Credit: Ma et al. Cell, 2019

Infrared vision often brings to mind night-vision goggles that allow soldiers to see in the dark, like you might have seen in the movie Zero Dark Thirty. But those bulky goggles may not be needed one day to scope out enemy territory or just the usual things that go bump in the night. In a dramatic advance that brings together material science and the mammalian vision system, researchers have just shown that specialized lab-made nanoparticles applied to the retina, the thin tissue lining the back of the eye, can extend natural vision to see in infrared light.

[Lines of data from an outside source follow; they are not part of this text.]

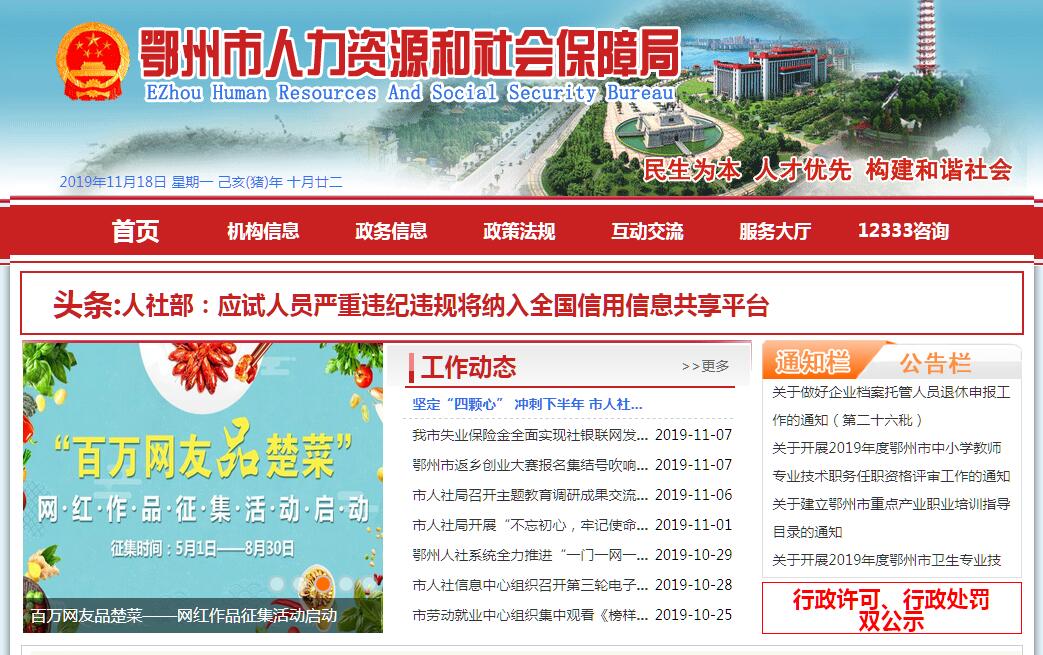 | 網(wǎng)站名稱: | 鄂州市人力資源和社會(huì)保障局 | ||
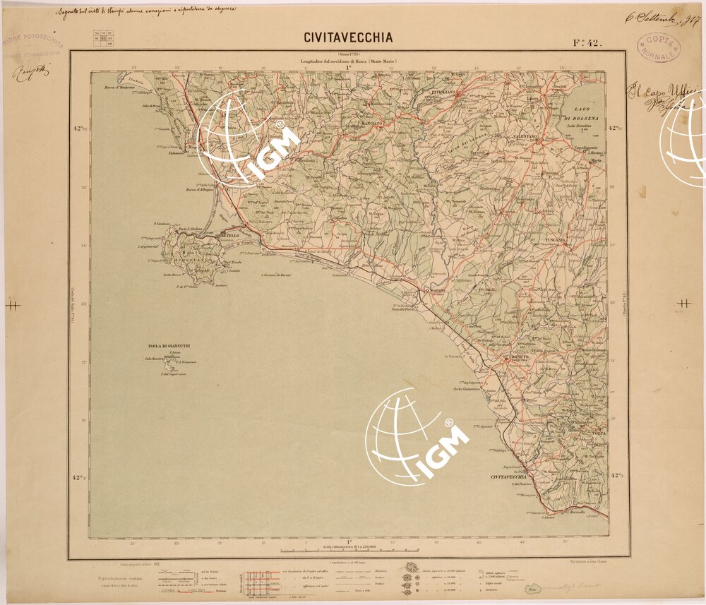 CARTA DEL REGNO D'ITALIA AL 200.000 – FOGLIO 42 – CIVITAVECCHIA
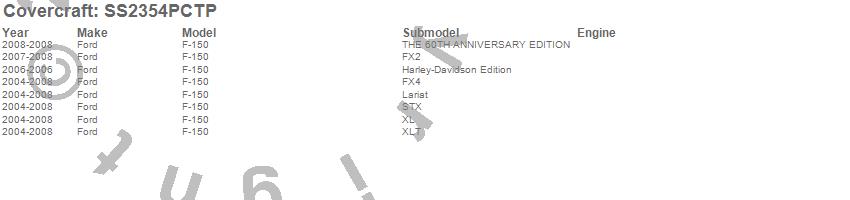Below is an abbreviated list of applications for the SeatSaver Custom Seat Cover.F-150, Ford, 2008, 2007, 2006, 2005, 2004
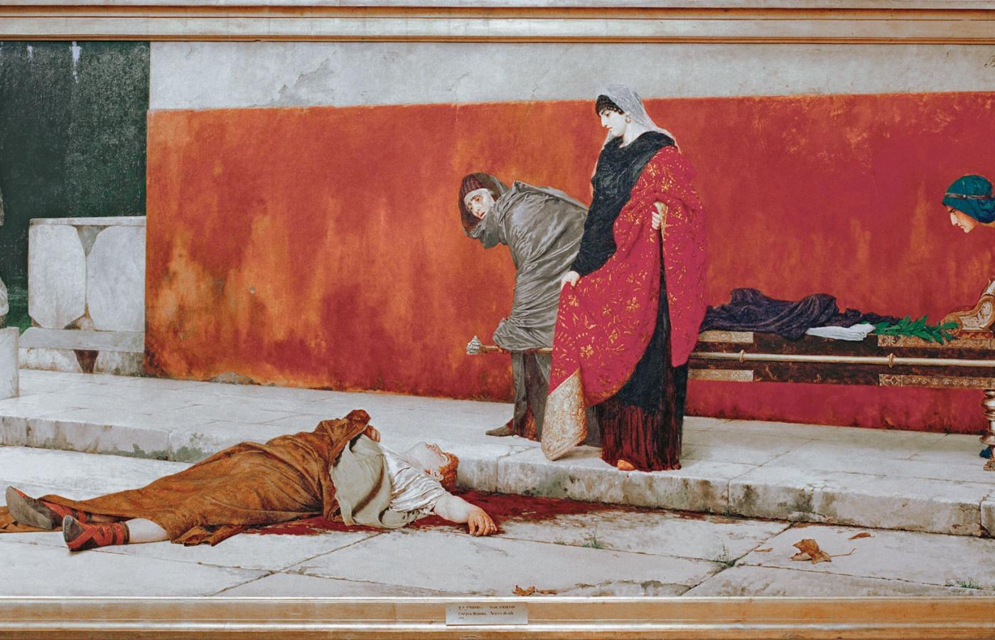 Pierwsza ofiara. Na blisko 70 cesarzy Imperium Romanum (pomijając uzurpatorów), którzy władali od 27 r. p.n.e. do 395 r. n.e., ponad 40 padło ofiarą zamachów. Gdyby dodać do tego zachodnich imperatorów – od Honoriusza do Romulusa Augustulusa – liczba ta jeszcze by wzrosła.
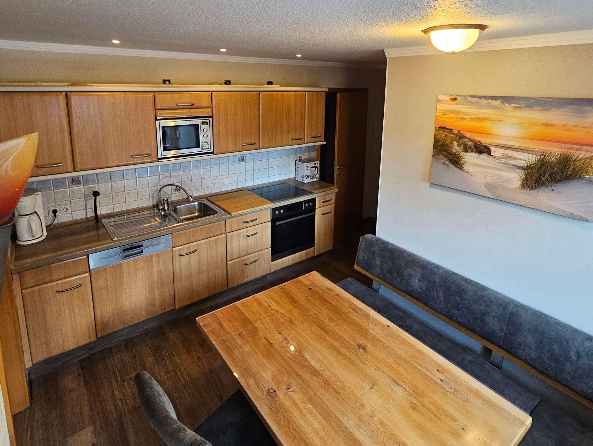 Des Weiteren erwartet Sie eine voll ausgestattete, separate Küche mit Essbereich. Hier können Sie sich mit dem Kaffeevollautomaten einen leckeren Kaffee o.ä. zubereiten oder sich einen Tee aufbrühen.

The researchers showed in mouse studies that their specially crafted nanoparticles bind to the retina’s light-sensing cells, where they act like “nanoantennae” for the animals to see and recognize shapes in infrared—day or night—for at least 10 weeks. Even better, the mice maintained their normal vision the whole time and showed no adverse health effects. In fact, some of the mice are still alive and well in the lab, although their ability to see in infrared may have worn off.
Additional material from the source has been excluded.